Work instruction: Make an exact copy of the lines from the top of the entries below through the line with "平成30年度入試過去問題 前期(英語 問題)(1ページ目)|博多高等学校の入試過去問". Leave all pictures out.

The records:
.....

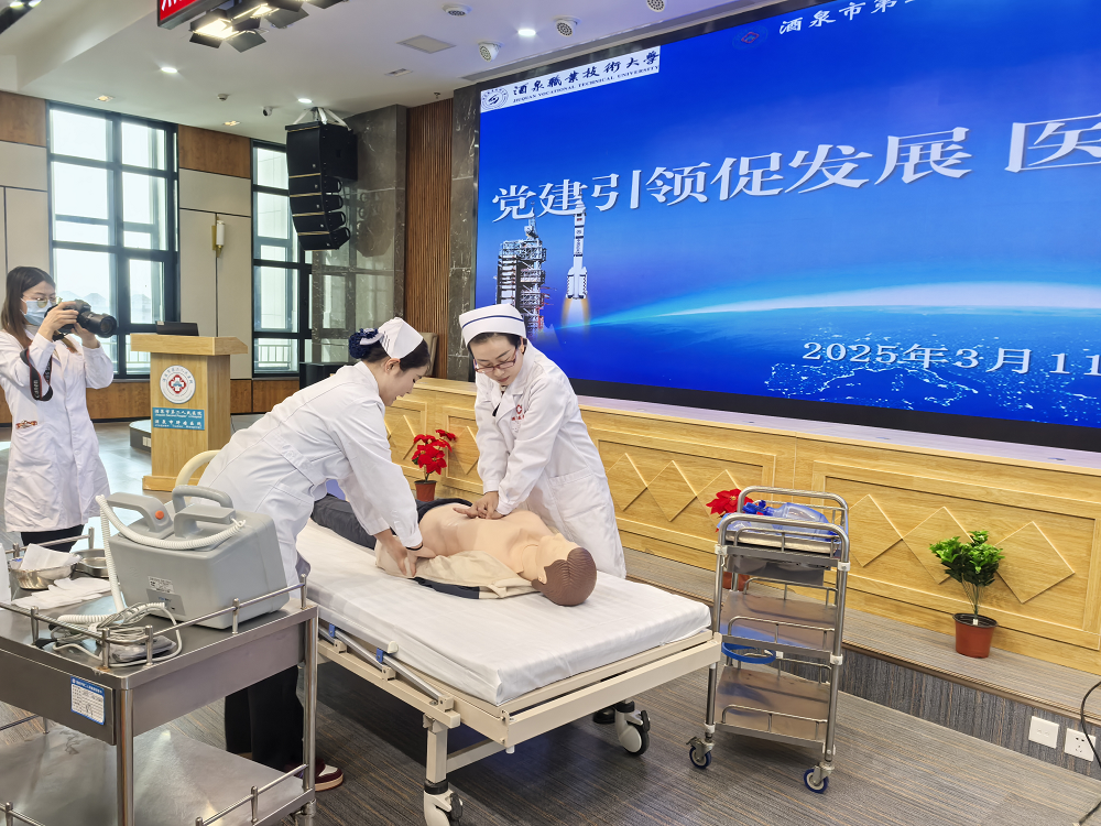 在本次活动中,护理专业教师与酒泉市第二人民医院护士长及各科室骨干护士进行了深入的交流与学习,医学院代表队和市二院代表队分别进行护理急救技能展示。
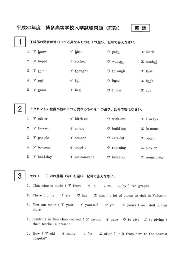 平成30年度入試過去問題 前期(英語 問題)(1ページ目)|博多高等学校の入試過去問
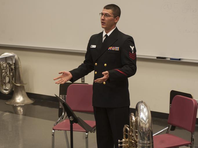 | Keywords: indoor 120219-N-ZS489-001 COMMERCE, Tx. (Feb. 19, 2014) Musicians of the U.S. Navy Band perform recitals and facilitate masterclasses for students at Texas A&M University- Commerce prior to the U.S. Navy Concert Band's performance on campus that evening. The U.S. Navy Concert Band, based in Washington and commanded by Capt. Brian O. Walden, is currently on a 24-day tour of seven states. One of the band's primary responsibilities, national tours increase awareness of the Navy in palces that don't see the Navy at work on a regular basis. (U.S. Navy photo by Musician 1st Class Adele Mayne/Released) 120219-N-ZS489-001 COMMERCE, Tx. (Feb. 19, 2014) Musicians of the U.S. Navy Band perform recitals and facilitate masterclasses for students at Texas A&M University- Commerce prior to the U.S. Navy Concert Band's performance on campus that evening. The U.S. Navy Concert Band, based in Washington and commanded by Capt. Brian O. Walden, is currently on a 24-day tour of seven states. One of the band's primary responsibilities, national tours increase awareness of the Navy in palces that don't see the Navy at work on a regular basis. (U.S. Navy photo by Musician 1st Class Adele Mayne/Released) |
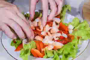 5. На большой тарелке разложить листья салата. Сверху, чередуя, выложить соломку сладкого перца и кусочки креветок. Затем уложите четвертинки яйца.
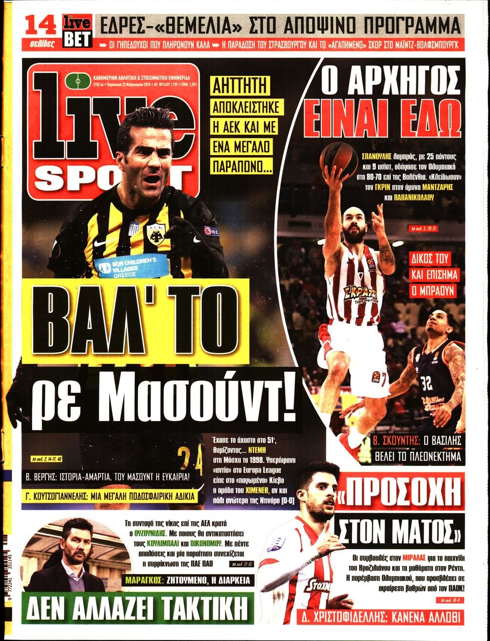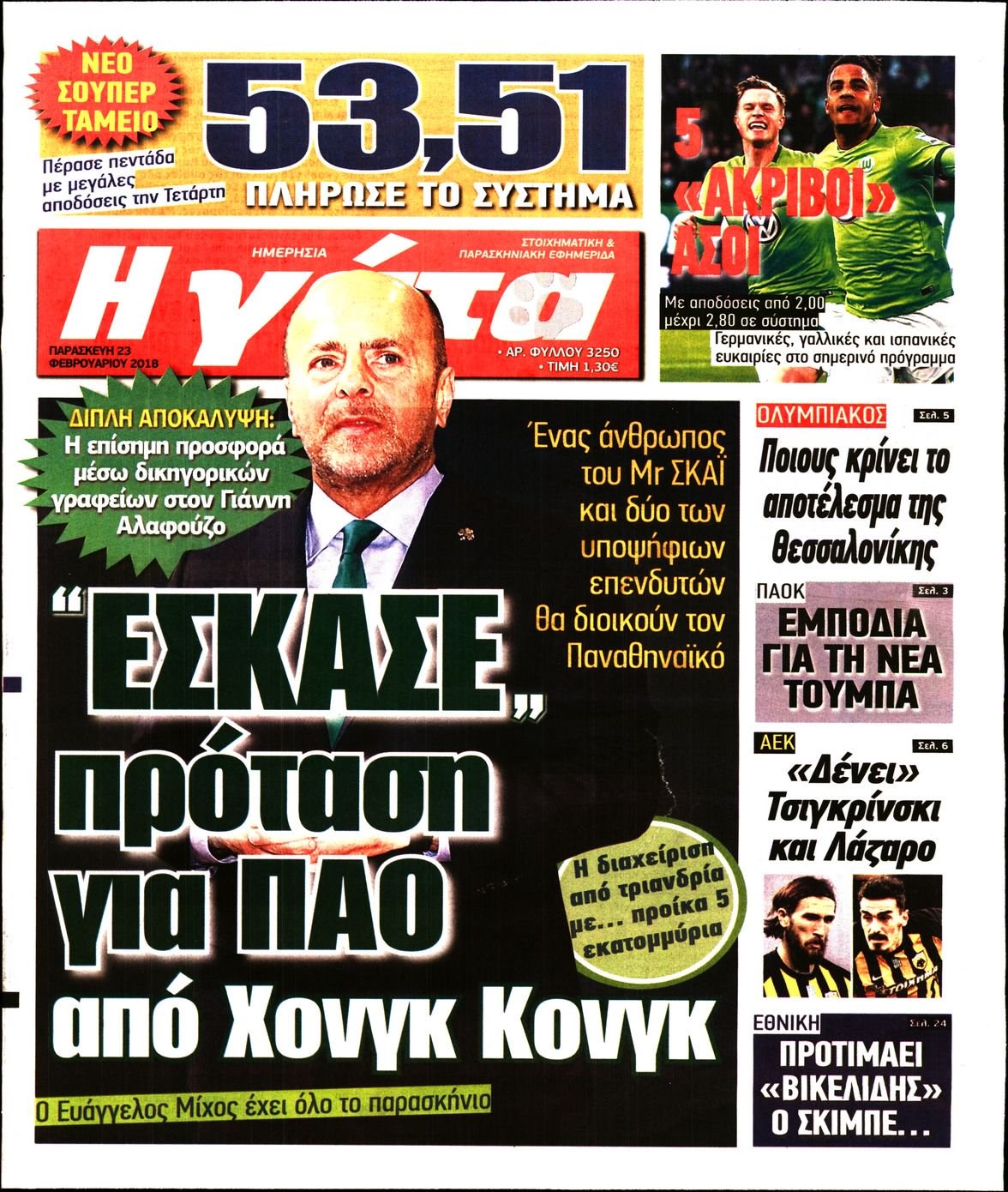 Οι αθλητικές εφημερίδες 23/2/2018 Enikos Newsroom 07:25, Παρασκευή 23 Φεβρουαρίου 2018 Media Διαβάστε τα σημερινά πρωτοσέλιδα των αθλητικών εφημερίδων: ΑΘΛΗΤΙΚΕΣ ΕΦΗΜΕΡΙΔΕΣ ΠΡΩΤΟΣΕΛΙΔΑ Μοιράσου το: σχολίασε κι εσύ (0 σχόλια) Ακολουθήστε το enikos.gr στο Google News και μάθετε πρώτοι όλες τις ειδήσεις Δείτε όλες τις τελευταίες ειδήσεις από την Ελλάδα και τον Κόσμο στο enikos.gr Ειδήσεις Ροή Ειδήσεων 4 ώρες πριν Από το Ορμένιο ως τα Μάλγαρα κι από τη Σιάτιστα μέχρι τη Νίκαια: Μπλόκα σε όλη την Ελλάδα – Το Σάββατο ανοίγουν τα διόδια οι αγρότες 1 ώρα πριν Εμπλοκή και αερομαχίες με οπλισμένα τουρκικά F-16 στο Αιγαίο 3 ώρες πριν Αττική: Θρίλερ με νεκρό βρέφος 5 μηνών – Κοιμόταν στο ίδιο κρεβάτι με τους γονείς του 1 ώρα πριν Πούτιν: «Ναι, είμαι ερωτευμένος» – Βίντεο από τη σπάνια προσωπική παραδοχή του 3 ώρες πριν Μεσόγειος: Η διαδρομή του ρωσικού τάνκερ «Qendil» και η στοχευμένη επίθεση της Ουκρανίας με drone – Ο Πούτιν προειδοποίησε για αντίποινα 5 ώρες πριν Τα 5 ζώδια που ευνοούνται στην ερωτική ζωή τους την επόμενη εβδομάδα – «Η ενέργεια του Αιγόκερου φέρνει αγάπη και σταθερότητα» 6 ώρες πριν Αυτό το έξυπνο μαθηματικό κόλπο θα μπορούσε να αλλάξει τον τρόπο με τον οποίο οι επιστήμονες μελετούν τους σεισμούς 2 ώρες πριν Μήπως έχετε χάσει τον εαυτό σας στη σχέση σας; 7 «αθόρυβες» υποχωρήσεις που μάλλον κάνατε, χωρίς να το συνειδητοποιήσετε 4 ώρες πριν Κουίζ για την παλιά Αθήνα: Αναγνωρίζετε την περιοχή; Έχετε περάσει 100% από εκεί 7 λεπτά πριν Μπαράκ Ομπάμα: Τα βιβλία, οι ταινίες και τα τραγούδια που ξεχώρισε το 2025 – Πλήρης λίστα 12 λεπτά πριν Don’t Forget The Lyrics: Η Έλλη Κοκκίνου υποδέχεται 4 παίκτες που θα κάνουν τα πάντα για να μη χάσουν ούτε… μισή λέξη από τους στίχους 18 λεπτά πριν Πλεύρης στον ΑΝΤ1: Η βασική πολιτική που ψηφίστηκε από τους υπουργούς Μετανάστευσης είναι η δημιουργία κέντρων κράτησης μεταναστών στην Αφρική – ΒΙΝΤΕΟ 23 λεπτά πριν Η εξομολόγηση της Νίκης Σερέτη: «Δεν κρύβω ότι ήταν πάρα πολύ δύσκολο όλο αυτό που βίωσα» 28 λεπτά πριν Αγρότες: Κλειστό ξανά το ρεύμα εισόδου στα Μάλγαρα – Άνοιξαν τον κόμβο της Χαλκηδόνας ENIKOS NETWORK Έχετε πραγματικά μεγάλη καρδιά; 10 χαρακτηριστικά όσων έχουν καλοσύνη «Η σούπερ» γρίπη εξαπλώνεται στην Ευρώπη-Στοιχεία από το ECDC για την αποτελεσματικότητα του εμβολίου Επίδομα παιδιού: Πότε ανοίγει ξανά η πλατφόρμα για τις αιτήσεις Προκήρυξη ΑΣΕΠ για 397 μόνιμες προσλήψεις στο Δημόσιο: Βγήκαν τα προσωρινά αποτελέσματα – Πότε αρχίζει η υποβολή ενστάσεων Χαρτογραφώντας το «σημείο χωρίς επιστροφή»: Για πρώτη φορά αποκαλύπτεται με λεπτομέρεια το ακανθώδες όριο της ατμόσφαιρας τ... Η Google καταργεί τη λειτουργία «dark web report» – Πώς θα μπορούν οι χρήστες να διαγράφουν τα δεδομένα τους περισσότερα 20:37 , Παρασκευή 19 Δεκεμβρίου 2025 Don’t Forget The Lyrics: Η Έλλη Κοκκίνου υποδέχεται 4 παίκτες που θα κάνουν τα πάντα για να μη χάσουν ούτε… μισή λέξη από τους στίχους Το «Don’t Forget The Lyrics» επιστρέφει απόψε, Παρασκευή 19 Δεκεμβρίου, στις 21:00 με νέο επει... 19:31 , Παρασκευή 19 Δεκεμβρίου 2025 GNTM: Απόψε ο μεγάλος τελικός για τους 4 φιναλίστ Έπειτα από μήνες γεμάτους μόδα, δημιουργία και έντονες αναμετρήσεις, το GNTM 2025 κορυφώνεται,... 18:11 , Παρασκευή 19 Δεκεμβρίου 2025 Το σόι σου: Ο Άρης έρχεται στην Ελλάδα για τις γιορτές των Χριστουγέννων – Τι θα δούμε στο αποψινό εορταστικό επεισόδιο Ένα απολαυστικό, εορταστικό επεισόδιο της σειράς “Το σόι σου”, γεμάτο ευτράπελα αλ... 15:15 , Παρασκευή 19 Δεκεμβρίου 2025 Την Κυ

.....

Result of the exercise:
 在本次活动中,护理专业教师与酒泉市第二人民医院护士长及各科室骨干护士进行了深入的交流与学习,医学院代表队和市二院代表队分别进行护理急救技能展示。
 平成30年度入試過去問題 前期(英語 問題)(1ページ目)|博多高等学校の入試過去問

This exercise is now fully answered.